Having being born 1985 I didn’t know anything until I saw “Inside Deep Throat”. Then the movie came along and Rob and Jeffrey presented me with this huge collection of photos, footage and DVD’s. I bought her book, original copies, the first editions of her books… I had to feel all the information.
Rob and Jeffrey saw you in Chloe …
Yes. Thank God for that movie, thank God! Because no-one would ever see me that way. Peter saw it and was like: “OK, she can do this, I’m in”.
Linda was perceived as a seductress, but also had a sense of innocence and vulnerability to her. How did you try to balance those contrasting sides of her personality?
It was all written, in a lot of scenes she’s just so wide-eyed… All she wanted was to be accepted and loved. I didn’t want to portray the complete naivety because that’s boring. She didn’t really play the girlie thing, she was like a tomboy. Also very honest about the fact she wasn’t OK with drugs, unprotected sex… she took care of herself in a way. You have to feel for somebody, you have to see where they begin in order to appreciate where they end and everything in between. I think it was important to show that she did stand for something.
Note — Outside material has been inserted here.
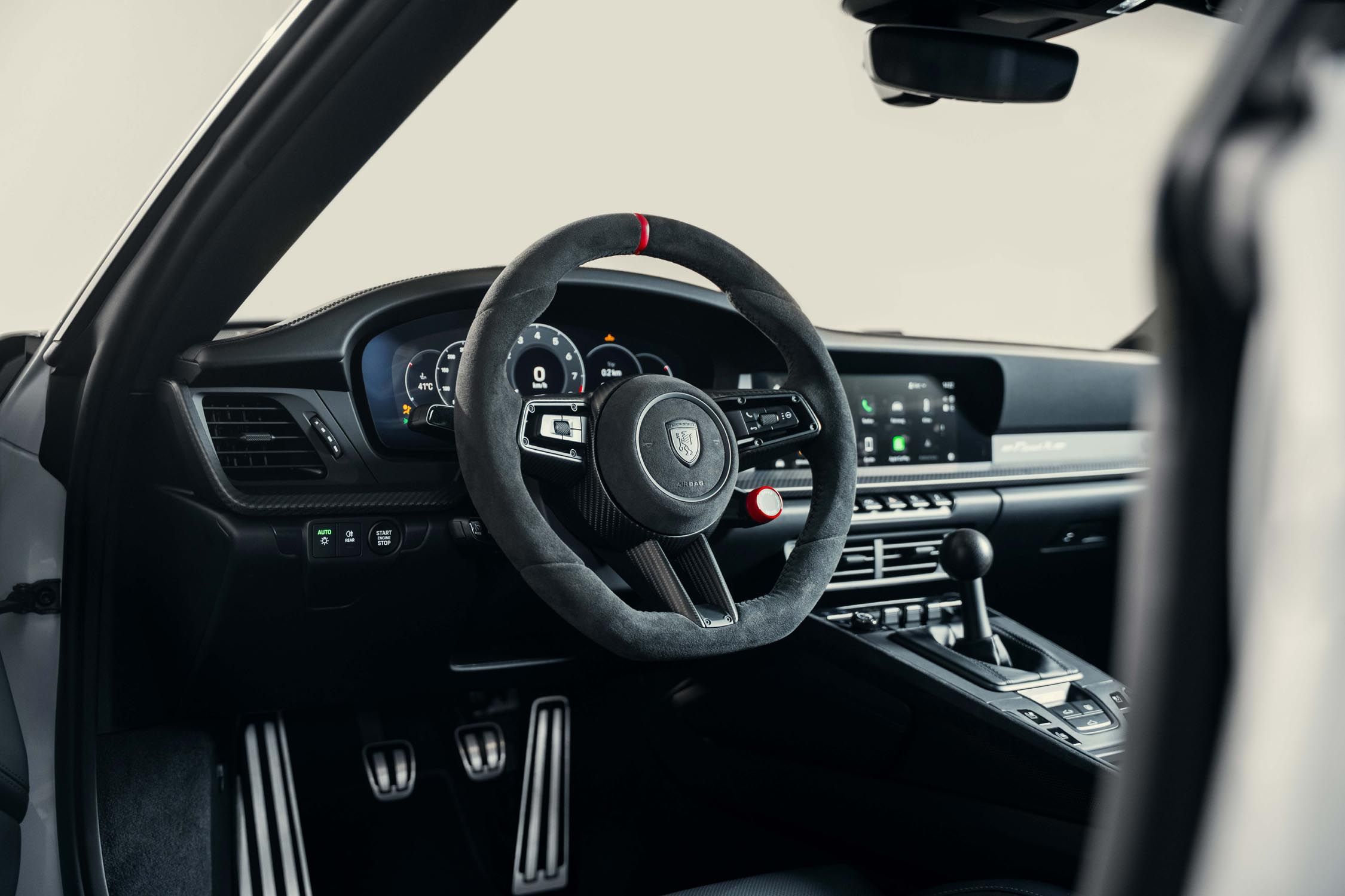 Le concept Tsport R est également transposé sur tous les modèles Carrera équipés de la boîte PDK. Le sélecteur automatique de série est alors remplacé par un levier de vitesses spécialement développé, de style manuel, conférant à la voiture un caractère nouveau.

Linda was objectified, victimized, abused… What gave you the power not to become victimized?
In terms of this movie, being on set, I never felt like I was gonna be exploited. But I do feel exploited sometimes, I think we all do, especially people in the public eye. Being somebody who plays to the younger, innocent, more naive side of myself because I am afraid of speaking up sometimes and that’s got me in trouble. I was exploited because of that because I want to make people happy and provide for them. But I’m realizing now that if it’s taking away from myself then it is not healthy and I have to watch out for myself. And that I’m not doing a disservice to the others, I just have to protect myself. I think these values are less from my parents and more from realizing that I don’t get anywhere, especially in this business, if I’m always a “yes-man”. Nobody does. I’m still getting there. I’m still learning how to.
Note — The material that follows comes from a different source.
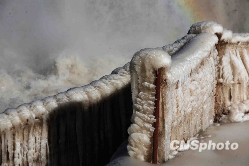 组图:黄河壶口瀑布冰凌成型
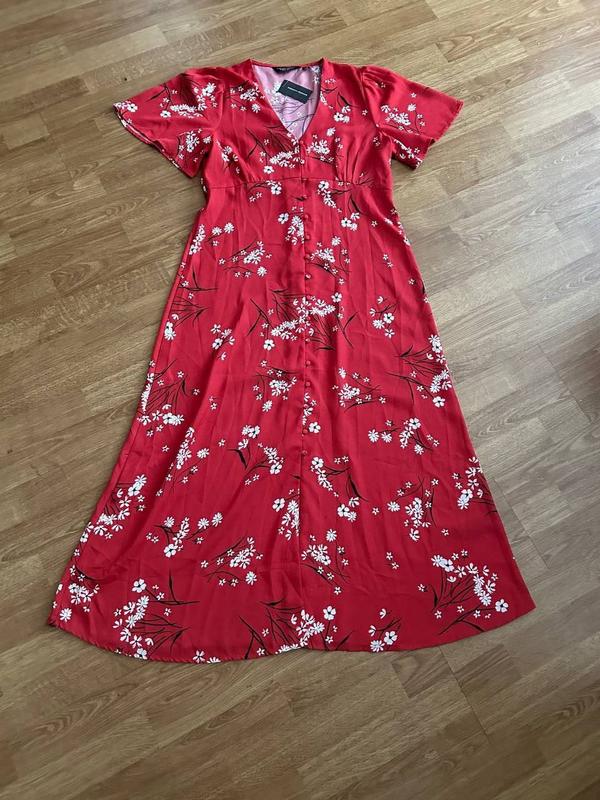 Красное платье миди с цветочным принтом

What kind of trouble would your need to provide for others get you into?
I’d do a photo shoot to help people and then suddenly they’d want me to take more clothes off … And I’m OK with that, but they’re not doing it for a good reason. In this movie I’d take my clothes of for anybody, because it’s a project – yes, this woman was a porn star, we’re gonna see some nudity – but it’s not about that! And maybe it’ll put people in seats, but that’s not why we did what we did. Sex sells. And people will use you and abuse you any way they can.
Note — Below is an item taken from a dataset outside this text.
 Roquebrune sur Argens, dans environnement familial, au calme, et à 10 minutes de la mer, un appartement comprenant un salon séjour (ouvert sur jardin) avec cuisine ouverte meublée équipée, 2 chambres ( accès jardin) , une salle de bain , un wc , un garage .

You’re blonde again – but hair and costume was probably not only two things that helped you get into the zone when playing Linda. How helpful was the whole styling and set design, the whole entourage?
To disappear physically in a role is almost as good as… that is preparation enough I think. When you look in the mirror and see somebody different, you feel different. You walk differently when you have a different shoe – or a camel-toe, if you know what I’m talking about… These costumes were absurd in some ways, but also so fun! I don’t think I’d dance the same way if I hadn’t been wearing that dress, specifically designed for this one moment. It’s amazing, it’s maybe the biggest tool for an actor, the hair and the clothes.
You also had to teach your body how to be Linda.
It was hard. She has such a different body that me. So absolutely different – she had different shoulders and very specific breasts that I don’t have – wish i had her breasts! – and she’s very tall, physically different. There was a way she was carrying herself that I tried to emulate with what I could, having a hunchback… In my opinion a have a very bad posture and she didn’t. That was hard!
Is there anything you two have in common?
I relate to the fact that the world saw her as one thing… and everybody have three dimensions [not one], everybody’s got a story. People can easily judge me for certain roles that I take, or certain people that I date because they see it… They see this one dimension. How is everyone meant to know who you are? So I’m always fighting an image. Not as much as some other peers, but still.
I think you just can’t take yourself too seriously. I wear what I wanna wear, do what I wanna do and go where I wanna go. I don’t try to fit into any mould. And I say what I wanna say. I don’t edit myself as much as I should, but that makes me feel better in the end of the day. I’m not being fraudulent or withholding… I know it’s good, it’s a protective thing, but for some reason I just can’t stop talking! I should, cause I’m not very eloquent. I think what you do to fight an image is not let anybody put you in a box.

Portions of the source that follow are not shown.